- Project State: Active
- Issues Response SLA: 14 business days
- Pull Request Response SLA: 14 business days
For more information on project states and SLAs, see this documentation.
Chef InSpec is an open-source testing framework for infrastructure with a human- and machine-readable language for specifying compliance, security and policy requirements.
# Disallow insecure protocols by testing
describe package('telnetd') do
it { should_not be_installed }
end
describe inetd_conf do
its("telnet") { should eq nil }
end
Chef InSpec makes it easy to run your tests wherever you need. More options are found in our CLI docs.
# run test locally
inspec exec test.rb
# run test on remote host via SSH
inspec exec test.rb -t ssh://user@hostname -i /path/to/key
# run test on remote host using SSH agent private key authentication. Requires Chef InSpec 1.7.1
inspec exec test.rb -t ssh://user@hostname
# run test on remote windows host via WinRM
inspec exec test.rb -t winrm://Administrator@windowshost --password 'your-password'
# run test on remote windows host via WinRM as a domain user
inspec exec test.rb -t winrm://windowshost --user 'UserName@domain' --password 'your-password'
# run test on docker container
inspec exec test.rb -t docker://container_id
- Built-in Compliance: Compliance no longer occurs at the end of the release cycle
- Targeted Tests: Chef InSpec writes tests that specifically target compliance issues
- Metadata: Includes the metadata required by security and compliance pros
- Easy Testing: Includes a command-line interface to run tests quickly
Chef InSpec requires Ruby ( >= 2.6 ). Ruby 2.5 support is limited and requires Bundler with an entry in the Gemfile:
# 16.7.23 required ruby 2.6+
gem "chef-utils", "< 16.7.23"
Note: Versions of Chef InSpec 4.0 and later require accepting the EULA to use. Please visit the license acceptance page on the Chef docs site for more information.
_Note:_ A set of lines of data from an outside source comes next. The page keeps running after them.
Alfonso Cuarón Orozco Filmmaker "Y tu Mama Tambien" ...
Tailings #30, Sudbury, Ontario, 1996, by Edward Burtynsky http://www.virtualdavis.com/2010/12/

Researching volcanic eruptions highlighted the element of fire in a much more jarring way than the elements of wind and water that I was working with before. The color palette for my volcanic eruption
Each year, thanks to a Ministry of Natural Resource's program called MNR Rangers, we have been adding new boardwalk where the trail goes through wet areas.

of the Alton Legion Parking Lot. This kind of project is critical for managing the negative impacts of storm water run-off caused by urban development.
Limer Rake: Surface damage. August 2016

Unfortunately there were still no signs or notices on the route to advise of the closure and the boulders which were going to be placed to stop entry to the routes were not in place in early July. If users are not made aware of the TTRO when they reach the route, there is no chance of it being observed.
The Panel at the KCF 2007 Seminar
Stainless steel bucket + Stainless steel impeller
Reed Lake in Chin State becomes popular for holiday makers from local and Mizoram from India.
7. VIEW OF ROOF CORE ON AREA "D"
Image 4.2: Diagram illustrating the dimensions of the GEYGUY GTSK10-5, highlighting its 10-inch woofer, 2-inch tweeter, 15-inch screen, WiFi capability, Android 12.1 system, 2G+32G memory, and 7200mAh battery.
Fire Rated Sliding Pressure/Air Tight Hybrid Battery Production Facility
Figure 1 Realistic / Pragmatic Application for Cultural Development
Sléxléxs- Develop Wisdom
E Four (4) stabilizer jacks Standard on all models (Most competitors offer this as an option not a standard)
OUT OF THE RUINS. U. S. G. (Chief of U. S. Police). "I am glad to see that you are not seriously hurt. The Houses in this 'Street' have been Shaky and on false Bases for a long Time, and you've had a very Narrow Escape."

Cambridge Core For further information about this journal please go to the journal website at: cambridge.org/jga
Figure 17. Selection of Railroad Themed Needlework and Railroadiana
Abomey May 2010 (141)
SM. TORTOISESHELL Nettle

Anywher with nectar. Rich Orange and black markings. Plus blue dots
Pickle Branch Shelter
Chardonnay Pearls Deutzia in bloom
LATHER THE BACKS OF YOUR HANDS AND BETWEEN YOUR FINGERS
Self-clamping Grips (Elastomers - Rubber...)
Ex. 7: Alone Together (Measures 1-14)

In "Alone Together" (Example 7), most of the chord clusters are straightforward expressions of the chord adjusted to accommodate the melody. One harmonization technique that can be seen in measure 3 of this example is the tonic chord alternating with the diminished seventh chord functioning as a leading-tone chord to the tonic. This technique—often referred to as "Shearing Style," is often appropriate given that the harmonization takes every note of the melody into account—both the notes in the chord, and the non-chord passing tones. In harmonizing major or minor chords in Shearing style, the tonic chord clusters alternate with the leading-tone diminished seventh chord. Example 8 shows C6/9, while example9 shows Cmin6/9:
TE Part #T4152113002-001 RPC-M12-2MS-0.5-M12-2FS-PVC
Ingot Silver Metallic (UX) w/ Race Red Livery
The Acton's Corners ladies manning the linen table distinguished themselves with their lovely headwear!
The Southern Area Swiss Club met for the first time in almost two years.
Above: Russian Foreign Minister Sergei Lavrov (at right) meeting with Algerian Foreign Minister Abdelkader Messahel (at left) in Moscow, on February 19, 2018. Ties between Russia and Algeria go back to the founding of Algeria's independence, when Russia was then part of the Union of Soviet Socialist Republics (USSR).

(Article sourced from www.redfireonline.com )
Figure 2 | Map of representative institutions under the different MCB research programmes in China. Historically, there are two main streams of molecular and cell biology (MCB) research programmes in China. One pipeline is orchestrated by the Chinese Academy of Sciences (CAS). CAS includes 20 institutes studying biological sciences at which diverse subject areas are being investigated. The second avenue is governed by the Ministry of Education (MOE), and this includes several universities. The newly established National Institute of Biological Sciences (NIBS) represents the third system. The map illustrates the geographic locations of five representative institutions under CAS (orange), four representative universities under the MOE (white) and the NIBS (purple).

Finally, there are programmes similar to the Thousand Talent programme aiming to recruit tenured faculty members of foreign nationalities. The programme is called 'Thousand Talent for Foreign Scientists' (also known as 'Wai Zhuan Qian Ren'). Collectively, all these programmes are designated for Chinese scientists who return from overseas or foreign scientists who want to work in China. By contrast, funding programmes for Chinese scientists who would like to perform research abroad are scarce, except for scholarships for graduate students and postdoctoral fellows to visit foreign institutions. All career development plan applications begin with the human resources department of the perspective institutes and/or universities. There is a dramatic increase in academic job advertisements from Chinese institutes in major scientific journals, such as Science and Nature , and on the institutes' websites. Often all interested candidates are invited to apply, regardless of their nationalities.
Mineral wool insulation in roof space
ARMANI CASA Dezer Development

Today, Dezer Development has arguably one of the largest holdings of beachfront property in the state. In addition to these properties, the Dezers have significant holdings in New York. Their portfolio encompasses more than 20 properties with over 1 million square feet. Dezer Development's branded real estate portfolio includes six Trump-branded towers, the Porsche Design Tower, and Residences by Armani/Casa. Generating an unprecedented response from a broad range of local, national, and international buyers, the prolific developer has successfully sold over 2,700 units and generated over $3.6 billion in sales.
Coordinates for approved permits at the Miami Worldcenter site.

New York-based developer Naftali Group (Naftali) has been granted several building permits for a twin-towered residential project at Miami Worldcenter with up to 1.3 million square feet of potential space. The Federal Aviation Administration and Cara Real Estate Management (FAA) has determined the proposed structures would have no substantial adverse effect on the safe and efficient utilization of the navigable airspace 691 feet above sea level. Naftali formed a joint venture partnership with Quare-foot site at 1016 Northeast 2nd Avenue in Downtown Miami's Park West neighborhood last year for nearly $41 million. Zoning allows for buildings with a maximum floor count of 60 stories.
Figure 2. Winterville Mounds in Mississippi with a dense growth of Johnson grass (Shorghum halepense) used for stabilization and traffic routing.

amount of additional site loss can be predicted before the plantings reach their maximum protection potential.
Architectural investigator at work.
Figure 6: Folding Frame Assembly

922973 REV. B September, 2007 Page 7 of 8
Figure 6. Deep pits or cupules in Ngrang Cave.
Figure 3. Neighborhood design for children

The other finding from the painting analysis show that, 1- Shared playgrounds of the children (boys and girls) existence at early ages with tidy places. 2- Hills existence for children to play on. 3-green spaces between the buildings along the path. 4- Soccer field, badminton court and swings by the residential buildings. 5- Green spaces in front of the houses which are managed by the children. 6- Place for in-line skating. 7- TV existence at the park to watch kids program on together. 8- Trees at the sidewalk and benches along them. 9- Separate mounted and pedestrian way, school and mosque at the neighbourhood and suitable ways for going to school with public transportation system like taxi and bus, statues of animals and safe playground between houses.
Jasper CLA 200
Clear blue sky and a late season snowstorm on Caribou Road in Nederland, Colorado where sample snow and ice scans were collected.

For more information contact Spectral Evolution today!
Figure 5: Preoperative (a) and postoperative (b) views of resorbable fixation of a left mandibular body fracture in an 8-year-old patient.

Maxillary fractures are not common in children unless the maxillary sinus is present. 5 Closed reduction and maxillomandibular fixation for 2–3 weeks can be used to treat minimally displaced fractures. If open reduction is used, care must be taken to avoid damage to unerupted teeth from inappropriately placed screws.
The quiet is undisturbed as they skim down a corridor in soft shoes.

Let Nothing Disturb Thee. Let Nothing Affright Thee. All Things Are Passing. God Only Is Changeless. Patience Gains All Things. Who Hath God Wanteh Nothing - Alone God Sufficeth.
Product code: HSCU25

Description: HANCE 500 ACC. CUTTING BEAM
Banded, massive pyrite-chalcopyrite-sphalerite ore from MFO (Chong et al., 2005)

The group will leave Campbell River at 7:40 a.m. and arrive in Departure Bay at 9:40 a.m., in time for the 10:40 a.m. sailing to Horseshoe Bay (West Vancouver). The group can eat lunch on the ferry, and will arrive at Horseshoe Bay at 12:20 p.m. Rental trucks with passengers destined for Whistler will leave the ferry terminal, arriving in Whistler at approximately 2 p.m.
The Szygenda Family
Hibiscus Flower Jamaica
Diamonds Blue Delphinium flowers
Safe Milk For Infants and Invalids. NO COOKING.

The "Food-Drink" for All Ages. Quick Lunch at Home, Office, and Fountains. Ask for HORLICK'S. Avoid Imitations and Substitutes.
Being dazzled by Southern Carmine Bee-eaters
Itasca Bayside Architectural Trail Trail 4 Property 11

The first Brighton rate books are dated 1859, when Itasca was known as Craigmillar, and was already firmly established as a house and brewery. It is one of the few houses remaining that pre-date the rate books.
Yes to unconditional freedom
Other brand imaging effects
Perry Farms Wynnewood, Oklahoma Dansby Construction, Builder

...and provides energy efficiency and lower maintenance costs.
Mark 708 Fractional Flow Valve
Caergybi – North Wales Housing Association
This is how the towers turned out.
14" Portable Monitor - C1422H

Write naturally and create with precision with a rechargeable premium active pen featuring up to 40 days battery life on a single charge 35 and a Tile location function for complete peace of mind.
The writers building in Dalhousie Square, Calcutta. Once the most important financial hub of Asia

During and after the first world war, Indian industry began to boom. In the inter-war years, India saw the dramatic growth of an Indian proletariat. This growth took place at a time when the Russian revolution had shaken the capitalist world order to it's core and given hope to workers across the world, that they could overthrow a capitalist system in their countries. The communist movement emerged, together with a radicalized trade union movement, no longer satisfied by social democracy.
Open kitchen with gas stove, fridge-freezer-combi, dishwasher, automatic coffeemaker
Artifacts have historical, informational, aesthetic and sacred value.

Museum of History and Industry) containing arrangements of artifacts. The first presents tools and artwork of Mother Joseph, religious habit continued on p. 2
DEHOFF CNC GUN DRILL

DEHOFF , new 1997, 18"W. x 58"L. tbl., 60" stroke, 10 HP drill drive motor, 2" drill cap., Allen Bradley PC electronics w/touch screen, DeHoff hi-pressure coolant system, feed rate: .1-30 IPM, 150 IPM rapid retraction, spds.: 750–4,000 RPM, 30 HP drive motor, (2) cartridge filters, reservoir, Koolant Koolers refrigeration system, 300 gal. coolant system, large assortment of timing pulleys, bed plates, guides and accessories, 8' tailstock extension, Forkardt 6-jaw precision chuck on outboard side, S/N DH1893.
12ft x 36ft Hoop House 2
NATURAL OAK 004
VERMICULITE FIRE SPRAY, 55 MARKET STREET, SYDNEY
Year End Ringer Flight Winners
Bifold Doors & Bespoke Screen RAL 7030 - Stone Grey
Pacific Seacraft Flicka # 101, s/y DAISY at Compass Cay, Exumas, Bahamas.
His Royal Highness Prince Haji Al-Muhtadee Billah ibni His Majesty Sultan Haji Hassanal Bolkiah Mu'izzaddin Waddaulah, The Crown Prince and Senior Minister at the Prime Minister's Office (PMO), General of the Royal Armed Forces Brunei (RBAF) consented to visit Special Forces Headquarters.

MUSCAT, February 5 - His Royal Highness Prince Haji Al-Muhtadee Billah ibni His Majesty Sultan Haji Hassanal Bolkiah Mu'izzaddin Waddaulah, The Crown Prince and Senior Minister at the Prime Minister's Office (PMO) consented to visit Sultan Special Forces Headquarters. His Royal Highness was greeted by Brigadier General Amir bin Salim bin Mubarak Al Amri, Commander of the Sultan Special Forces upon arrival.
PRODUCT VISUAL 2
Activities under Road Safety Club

The Chef InSpec package is available for MacOS, RedHat, Ubuntu and Windows. Download the latest package at Chef InSpec Downloads or install Chef InSpec via script:
# RedHat, Ubuntu, and macOS
curl https://omnitruck.chef.io/install.sh | sudo bash -s -- -P inspec
# Windows
. { iwr -useb https://omnitruck.chef.io/install.ps1 } | iex; install -project inspec
When installing from source, gem dependencies may require ruby build tools to be installed.
For CentOS/RedHat/Fedora:
yum -y install ruby ruby-devel make gcc gcc-c++
For Ubuntu:
apt-get -y install ruby ruby-dev gcc g++ make
To install the inspec
executable, which requires accepting the Chef License, run:
gem install inspec-bin
You may also use inspec
as a library, with no executable. This does not require accepting the license. To install the library as a gem, run:
gem install inspec
Download the image and define a function for convenience:
For Linux:
docker pull chef/inspec
function inspec { docker run -it --rm -v $(pwd):/share chef/inspec "$@"; }
For Windows (PowerShell):
docker pull chef/inspec
function inspec { docker run -it --rm -v "$(pwd):/share" chef/inspec $args; }
If you call inspec
from your shell, it automatically mounts the current directory into the Docker container. Therefore you can easily use local tests and key files. Note: Only files in the current directory and sub-directories are available within the container.
$ ls -1
vagrant
test.rb
$ inspec exec test.rb -t ssh://[email protected]:11022 -i vagrant
..
Finished in 0.04321 seconds (files took 0.54917 seconds to load)
2 examples, 0 failures
Note that installing from OS packages from the download page is the preferred method.
That requires bundler:
bundle install
bundle exec inspec help
To install it as a gem locally, run:
gem build inspec.gemspec
gem install inspec-*.gem
On Windows, you need to install Ruby with Ruby Development Kit to build dependencies with its native extensions.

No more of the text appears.